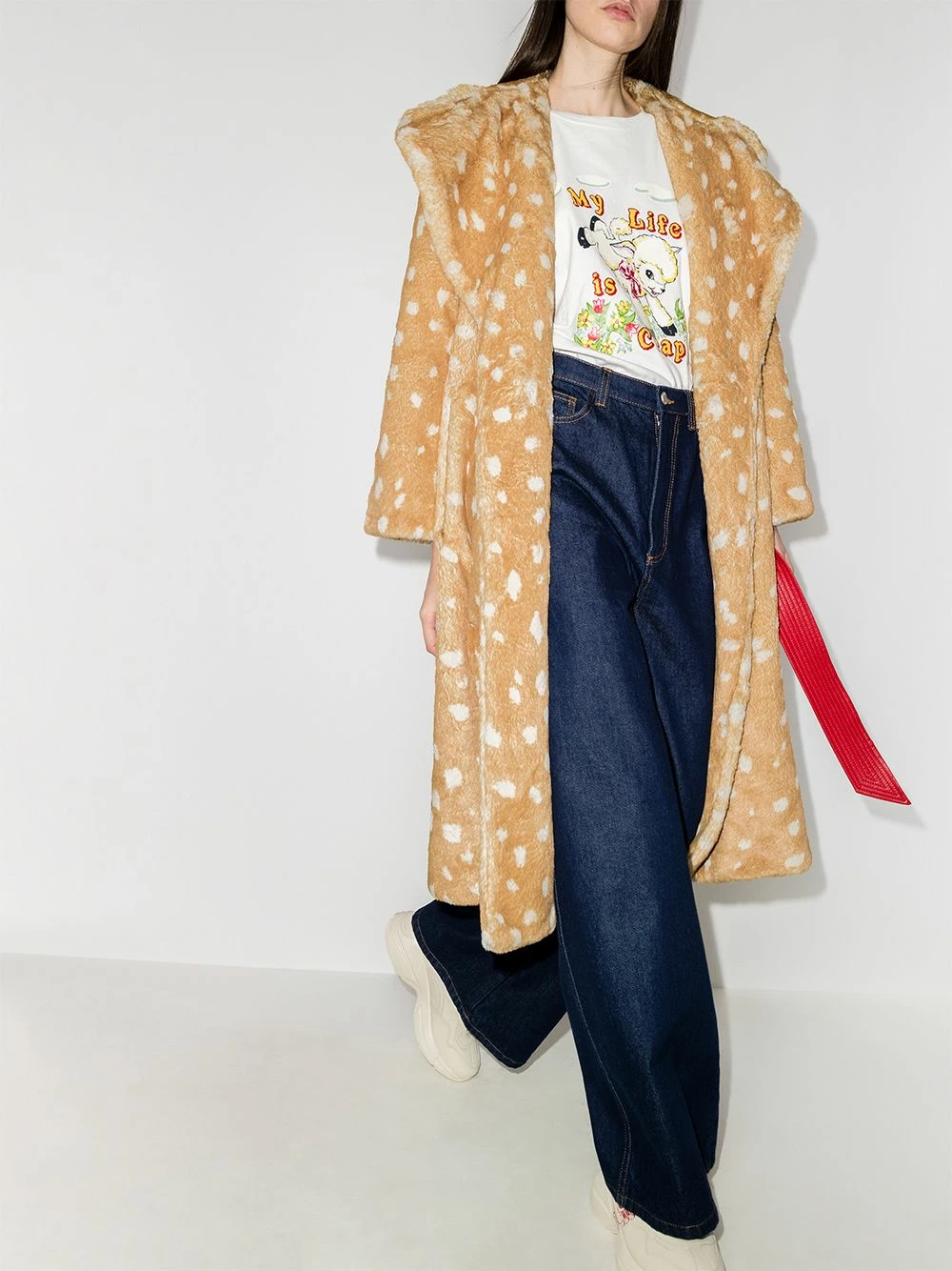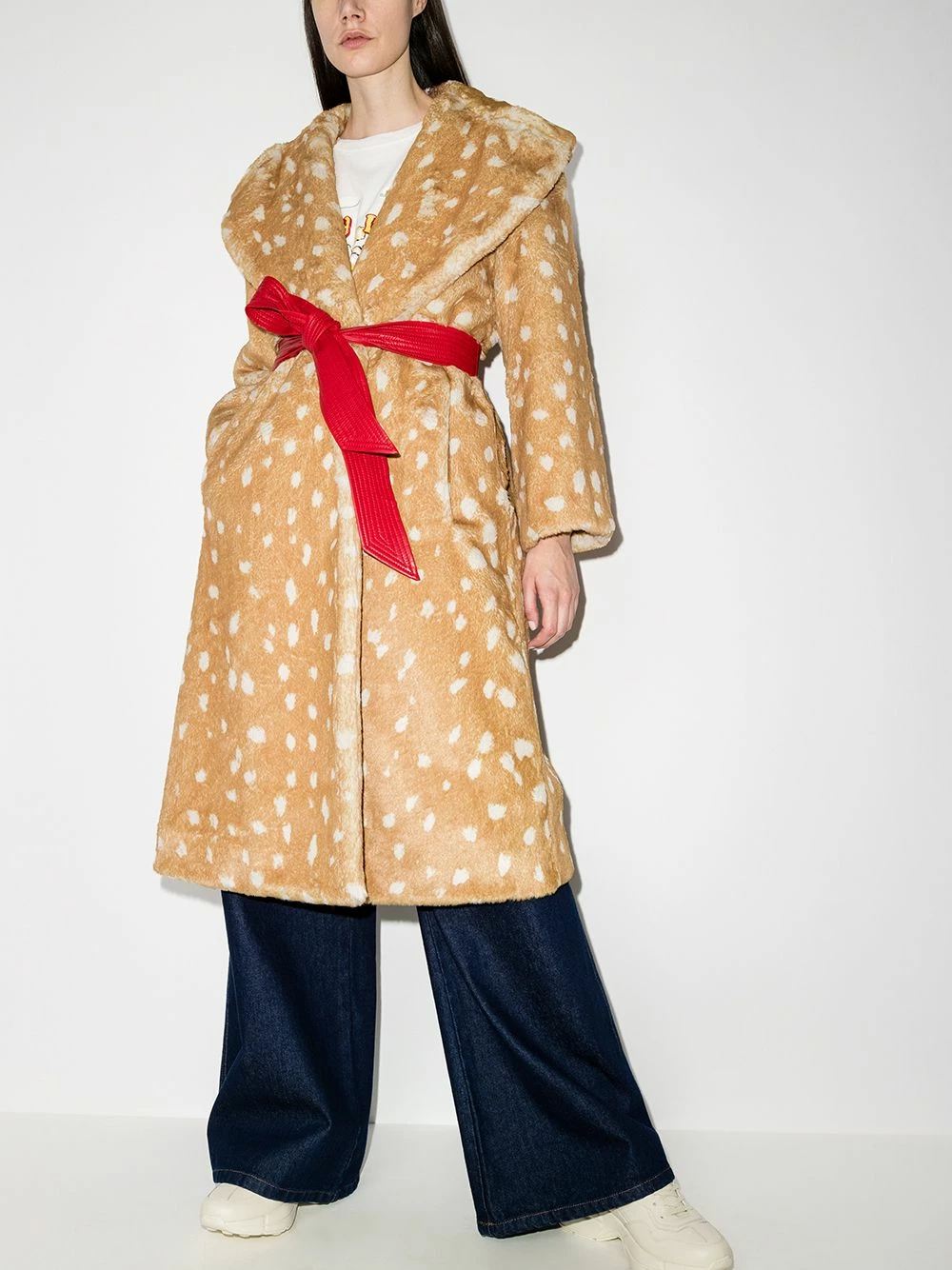 Imprimé animalier, col italien, taille nouée, manches longues, ourlet droit.
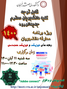 جلسه معارفه دانشجویان جدیدالورود فیزیک و فیزیک مهندسی روز سه شنبه ۱۱ آبان ماه ۱۴۰۰ به صورت مجازی و به همت انجمن های علمی دانشجویی فیزیک و فیزیک مهندسی برگزاری گردید.
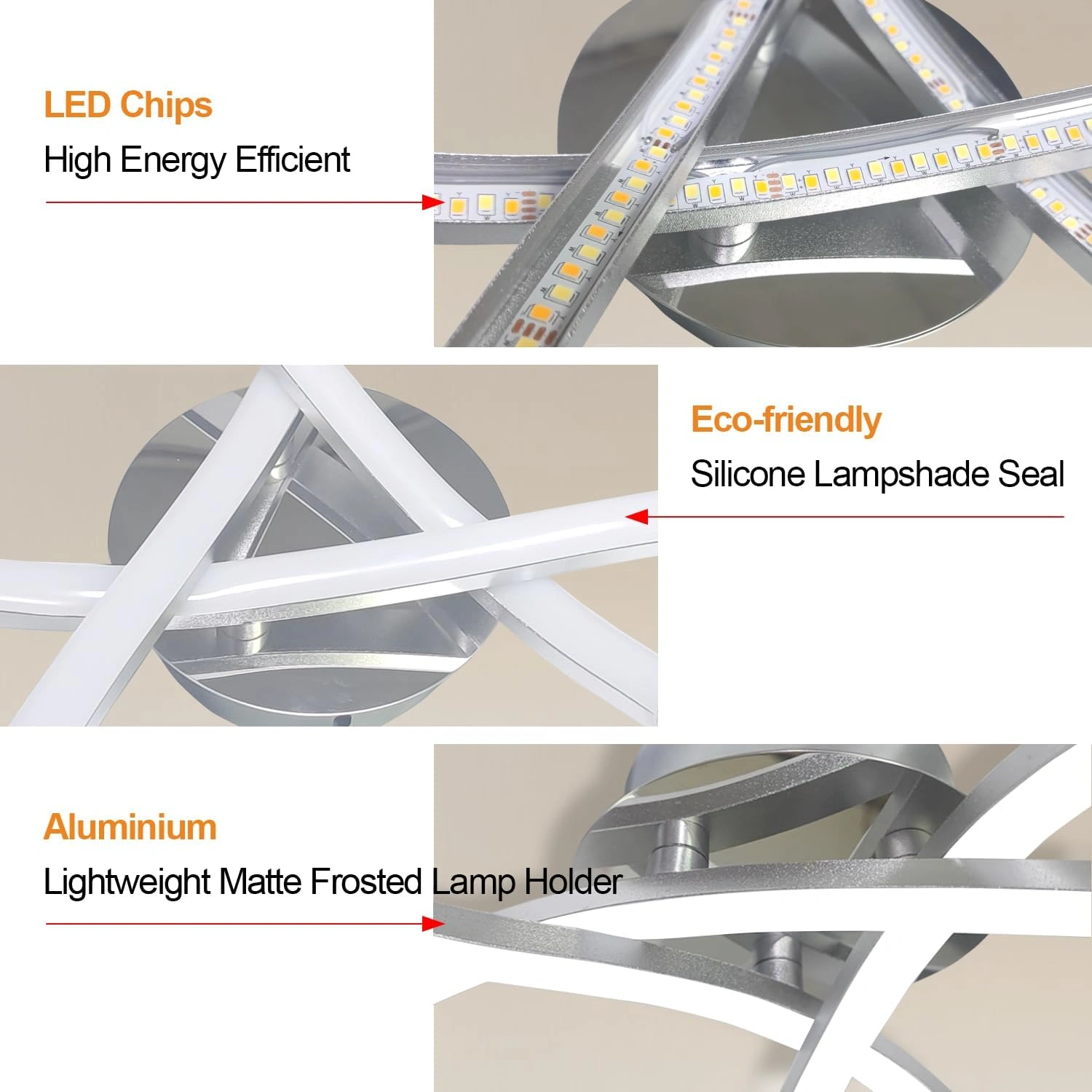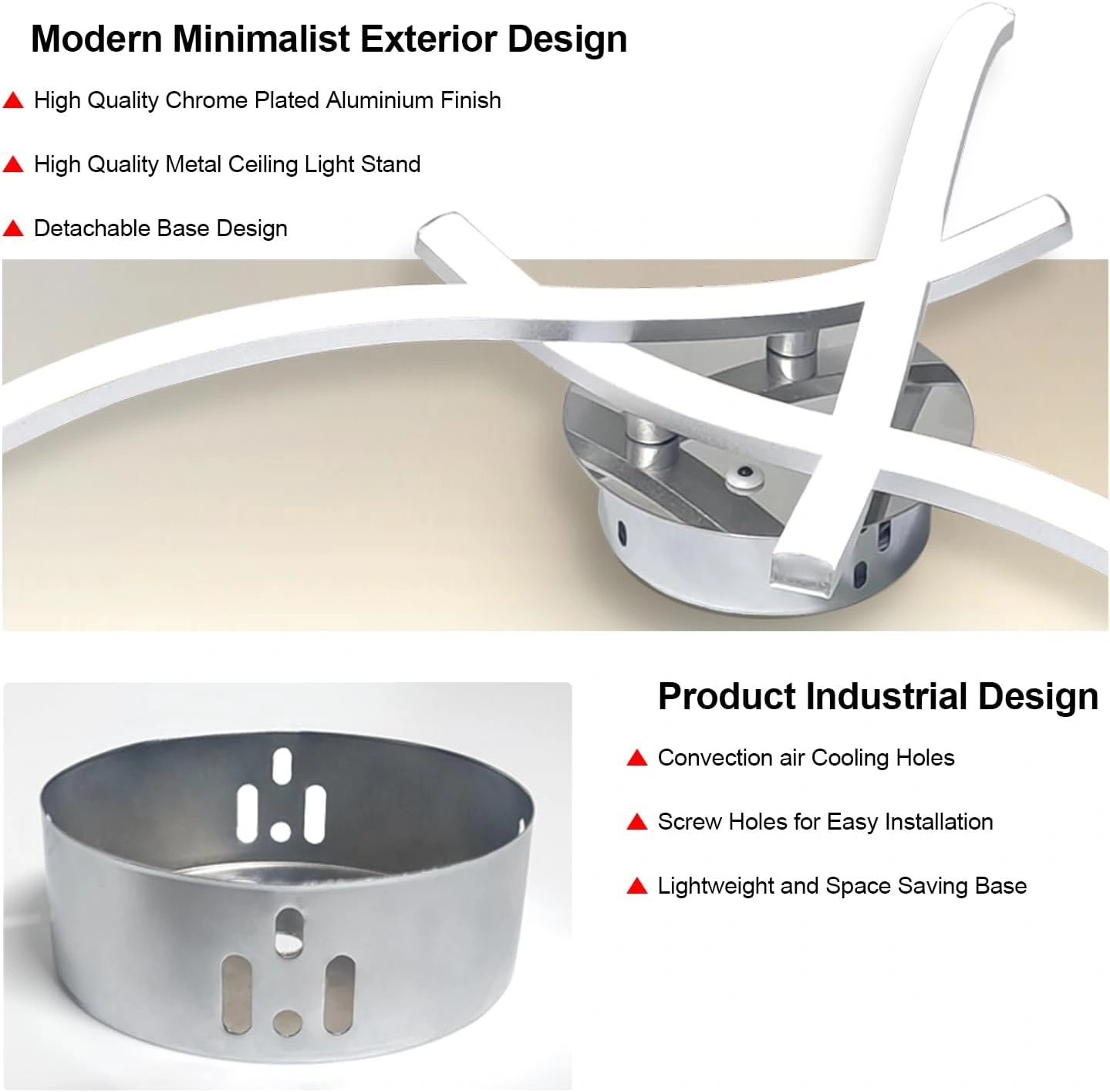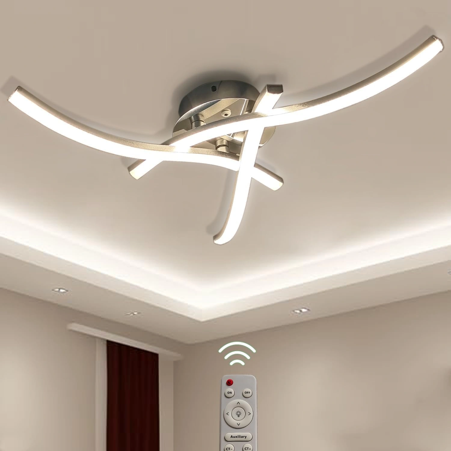 22W 2200LM Wave Design Chrome Finish Metal LED Lamp, Boards Fixture Lighting for Living Room, Bedroom – 3 Way Crossed LED Light
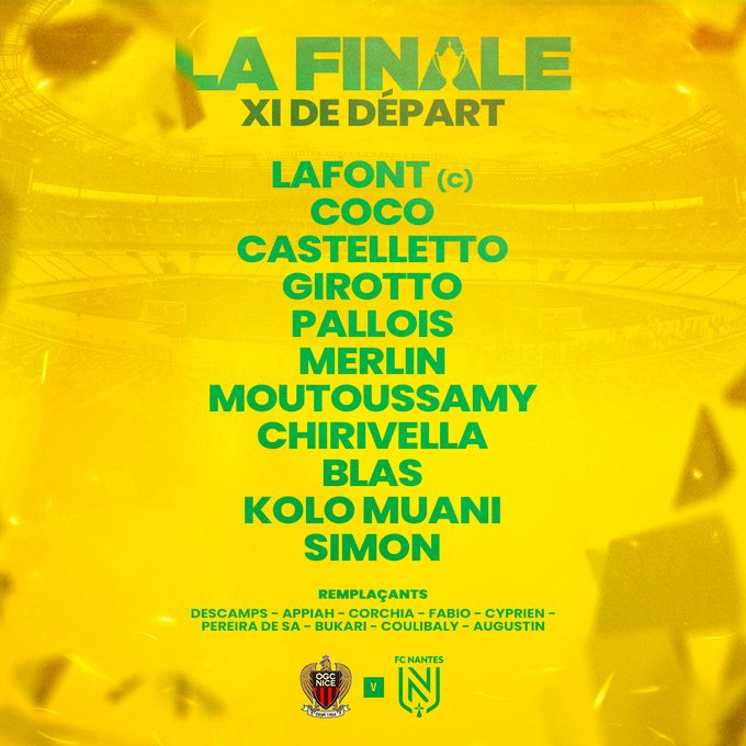 π΄β«οΈ NiΓ§oises, NiΓ§ois... voici la compo' du Gym pour cette Finale de #CoupeDeFrance ! #NissaEnFinala #OGCNice

+--

▶ **PROBLEM**: What you give back should be the full material above, retyped exactly, with every image removed.

▶ **EXERCISE SOLUTION**:
 Imprimé animalier, col italien, taille nouée, manches longues, ourlet droit.
 جلسه معارفه دانشجویان جدیدالورود فیزیک و فیزیک مهندسی روز سه شنبه ۱۱ آبان ماه ۱۴۰۰ به صورت مجازی و به همت انجمن های علمی دانشجویی فیزیک و فیزیک مهندسی برگزاری گردید.
 22W 2200LM Wave Design Chrome Finish Metal LED Lamp, Boards Fixture Lighting for Living Room, Bedroom – 3 Way Crossed LED Light
 π΄β«οΈ NiΓ§oises, NiΓ§ois... voici la compo' du Gym pour cette Finale de #CoupeDeFrance ! #NissaEnFinala #OGCNice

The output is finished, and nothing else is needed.